**Your objective**
Below are records; extract exactly the lines from the one with "Общая площадь квартиры- 60,3" through the final line, including both, but drop the pictures.

+ + + +

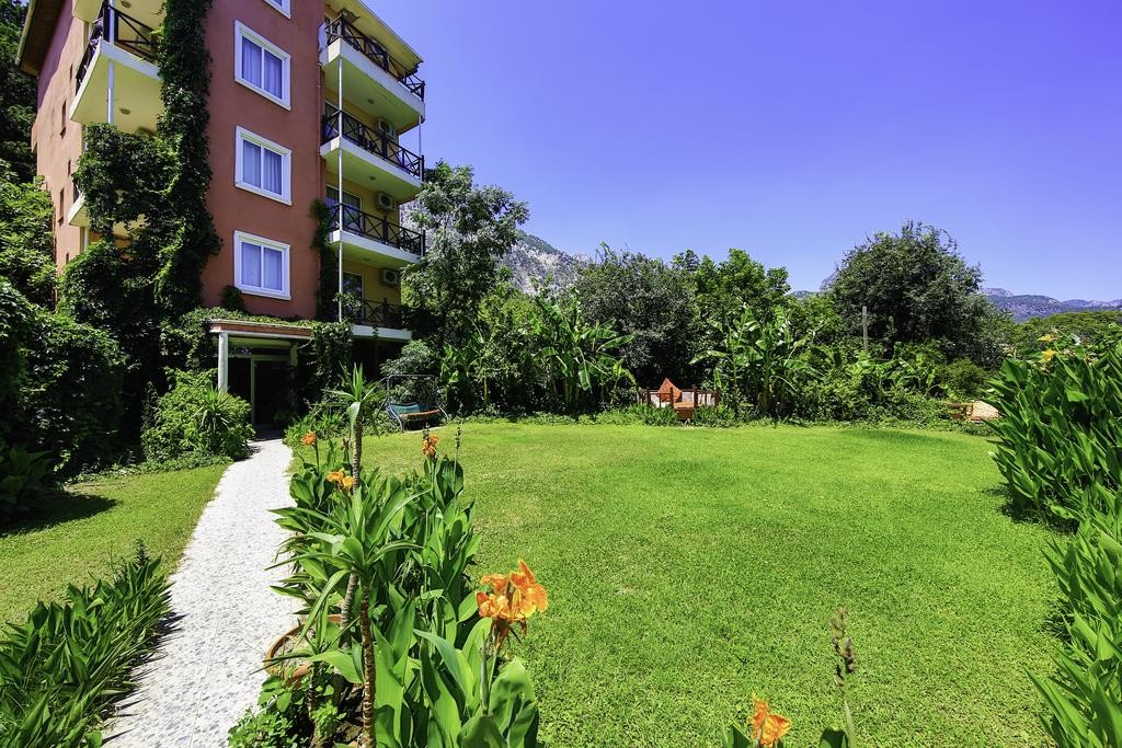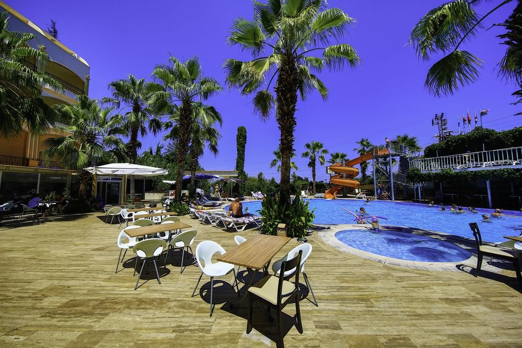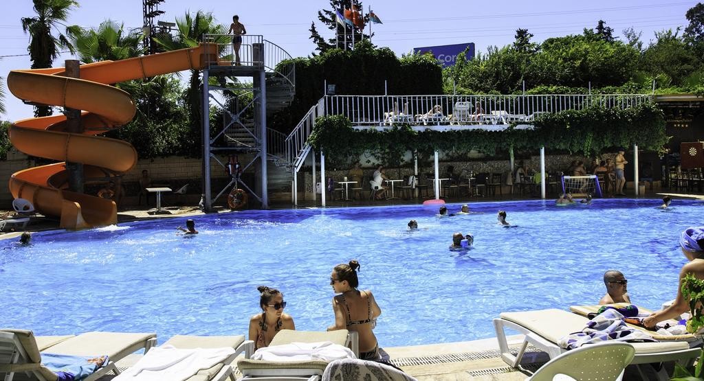 Территория отеля очень маленькая, ухоженная и чистая. На клочке земли удалось разместить бассейн, который притягивает детей водной горкой. Рядышком около уютных беседок с подушками находится игровой сектор с качелями — детки всегда на виду у родителей.
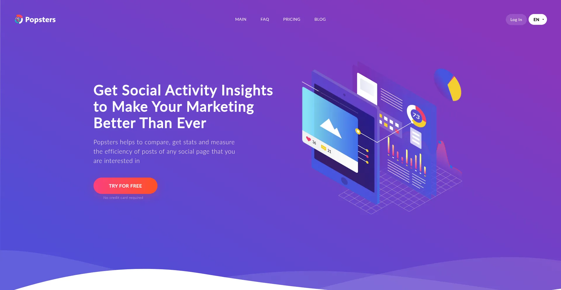 Popsters - statistics and analytics of posts in Facebook, YouTube, Flickr, Instagram, Coub, Pinterest, TikTok, Telegram, Tumblr, VK, OK and Twitter
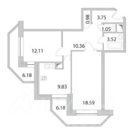 Общая площадь квартиры- 60,3 кв. м. Благодаря высоте потолков 2,8 метра, пространство кажется ещё более просторным.
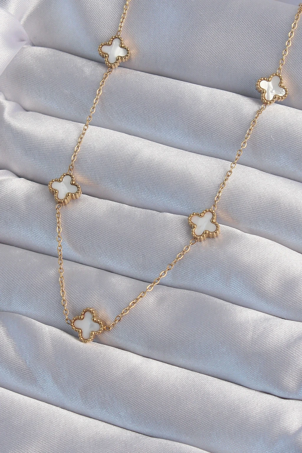 316L Çelik Gold Renk Minimal Beyaz Sedefli Yonca Kolye - TJ-BKO9002
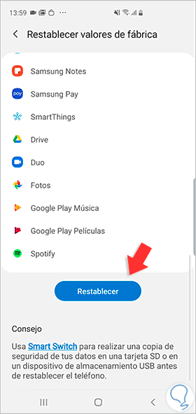 Lo siguiente será seleccionar "Restablecer valores de fábrica".

+ + + +

**Answer box**
 Общая площадь квартиры- 60,3 кв. м. Благодаря высоте потолков 2,8 метра, пространство кажется ещё более просторным.
 316L Çelik Gold Renk Minimal Beyaz Sedefli Yonca Kolye - TJ-BKO9002
 Lo siguiente será seleccionar "Restablecer valores de fábrica".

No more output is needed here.